Omniscience


IEEE Spectrum Magazine, March 2000


I was listening to a motivational speaker talking about how to cope with today’s harried business environment.  I confess that I was consciously resisting the hype.  However, something that she said caught my attention.  “Give yourself permission not to know everything,” she advised.

Well, that sounded like a good idea to me.  Mainly because I don’t know everything, and this bothers me.  It would be nice to be absolved of the guilt that comes with such overwhelming ignorance.  I imagine looking at myself in the mirror, and saying, “Bob, you didn’t read that article on multiflurging, surf the net for information about protocol conflagration, call in for the latest voicemail, or go through the last 137 emails, but it’s ok – it’s really nothing to worry about.”  And this reassuring message would make me feel calm and confident.

But when I think about this advice, I begin to worry.  Suppose I’m in a group of people who begin to discuss multiflurging.  I look at them blandly and say, “You people just go on discussing this, but I have no idea what you’re talking about.”  I can see their expressions – raised eyebrows and sideways glances among themselves.  I know that they are thinking that I have lost it.  I consider explaining to them that I have given myself permission not to know things, but somehow this seems like a bad idea.

Maybe instead I need some higher authority to give me this permission for ignorance.  Perhaps I should have a certificate issued by the government.  Then whenever I’m in danger of appearing uninformed, I take the certificate out of my wallet and show it to people.  It looks very official, and it says, “The bearer of this certificate, Joe Smith, is hereby entitled to know nothing about the following subjects.”  There would be a long list of subjects, suitably comprehensive, yet vague enough to cover unforeseen contingencies like multiflurging.

I imagine showing this certificate to the group discussing multiflurging.  The certificate is passed around the group, and a newfound respect starts to grow in their eyes as they look at me.  “A condition of my security clearance,” I explain modestly and with just the right touch of reticence.  I can see how if properly handled, I could convey the idea that I really do know everything about multiflurging, but must for secret reasons remain stoically silent.  I imagine that they are contemplating those classic political questions -- what didn’t he know, and when didn’t he know it?

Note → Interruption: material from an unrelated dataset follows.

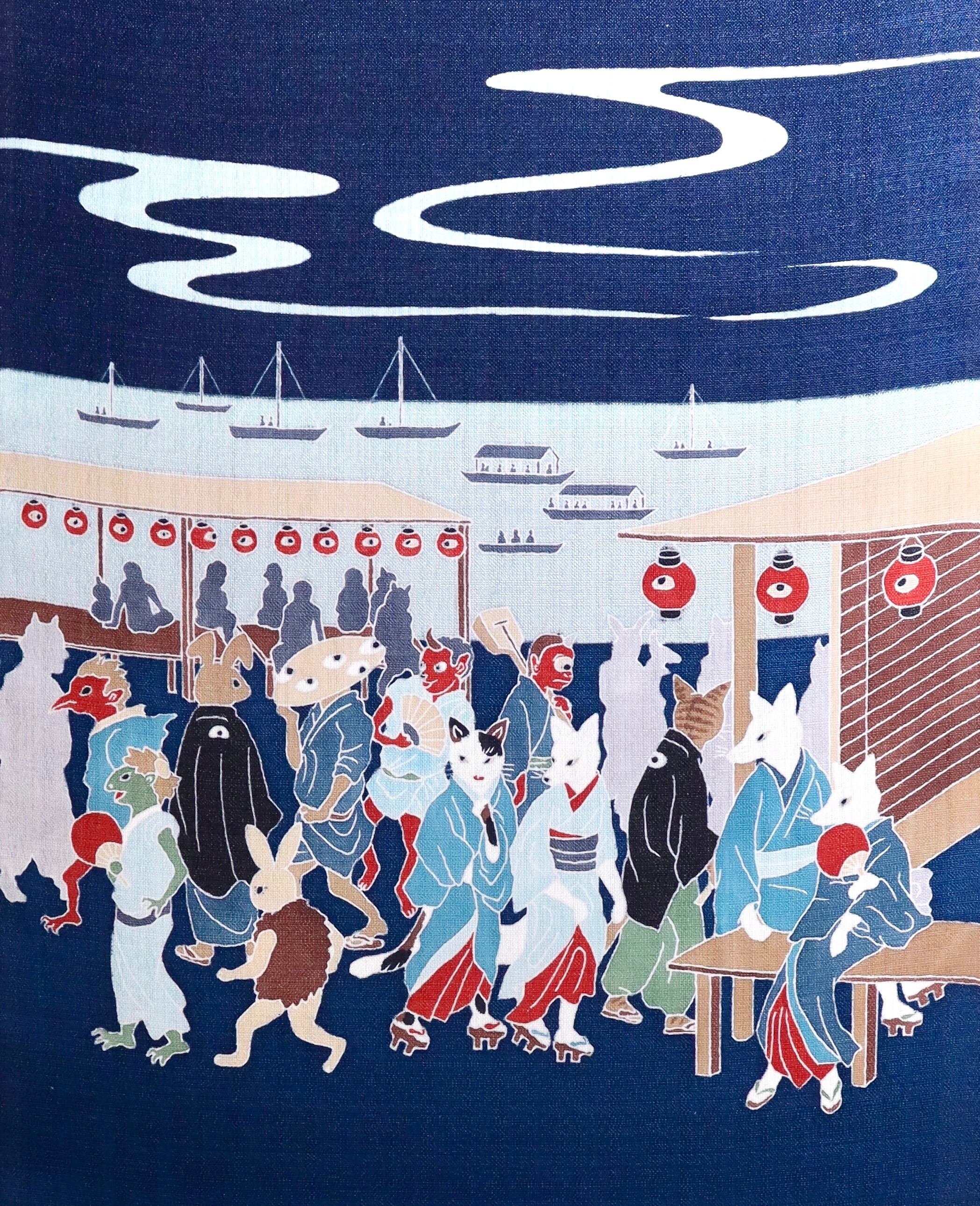 歌川広重の錦絵「東都名所高輪廿六夜待遊興之図」をモチーフに、

Life is full of contingencies like this.  A classic one in our profession happens when, having finished a talk on some subject to which you have devoted years of study, someone in the audience asks, “Are you familiar with the work of Josef Titlenut of Sasquatch University?”  Of course, you have never heard of this person.  There is a moment when the audience blurs and your ears tingle with sudden heat.  You cannot, under penalty of death, admit that you’ve never heard of whoever it was.  Yet instinctively you assume that this unknown person has done much more than you on this subject and has probably proven whatever you’ve done to be wrong.  “Well, of course, but not in detail,” you answer hoarsely and ambiguously, trying to imply that you are completely familiar with what’s-his-name’s work, but find it irrelevant to the subject of your talk.

Unfortunately, this little scenario embodies one of life’s lessons: it’s really not ok not to know things you’re expected to know.  Neither you nor anyone else can really give you permission to be unknowledgeable.  In our profession of engineering this puts us on the precipice of the dilemma of personal knowledge management.  Whole new branches of knowledge in things like multiflurging emerge every week, and if you don’t devote the effort to learn about them, you will be left in the informational dust.  Yet we all rediscover every day that there just isn’t enough time.  Too much is happening, and we are being overwhelmed. 

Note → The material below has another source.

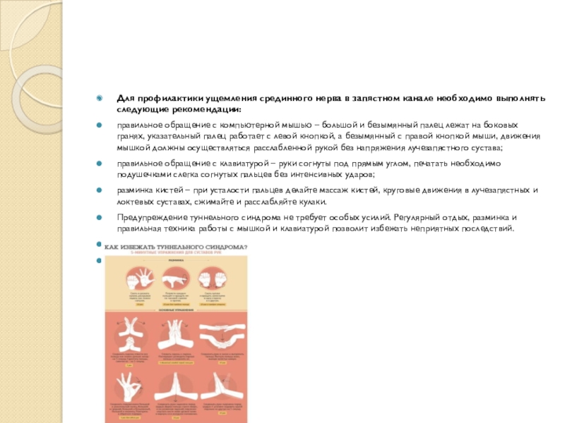 Слайд 16Для профилактики ущемления срединного нерва в запястном канале необходимо выполнять следующие

I have heard it said that Leibnitz, in the 17th century, was the last person to know everything.  I’m skeptical myself – I mean, how did they know that he knew everything?  But in any event, he didn’t have to contend with a billion web pages and a totally connected society where accessible knowledge was exploding.  The only way that any of us now can claim to know everything is to continually redefine our knowledge domain to be a smaller and smaller subset of the whole.  Sometimes I have the sensation of shrinking through layers and layers of knowledge until I am but a microscopic speck in an expanding universe.

For me libraries epitomize the situation.  As a youth I was awed by the immensity of what there was to know as was evidenced by the innumerable books they contained.  But in my youth I had a static model of the world, and I imagined that if I picked one book every day, I could eventually work my way through them all.  Now I realize that the world is dynamic, as if thousands of new books arrived each day, and mysterious keepers went through the shelves every night randomly throwing out books that I had already read, but now being judged to be irrelevant or wrong.  Moreover, although I once believed that all knowledge was in those books, now I know that the library is filled with fleeting people, whispering into the gloom things that I must know, if only I could understand the words in all the cacophony about me.

Keeping up is, truly, impossible.  It is a battle that none of us can ultimately win.  But the more I consider it, the more I think that surrender is not an option.  Never give yourself permission not to know everything.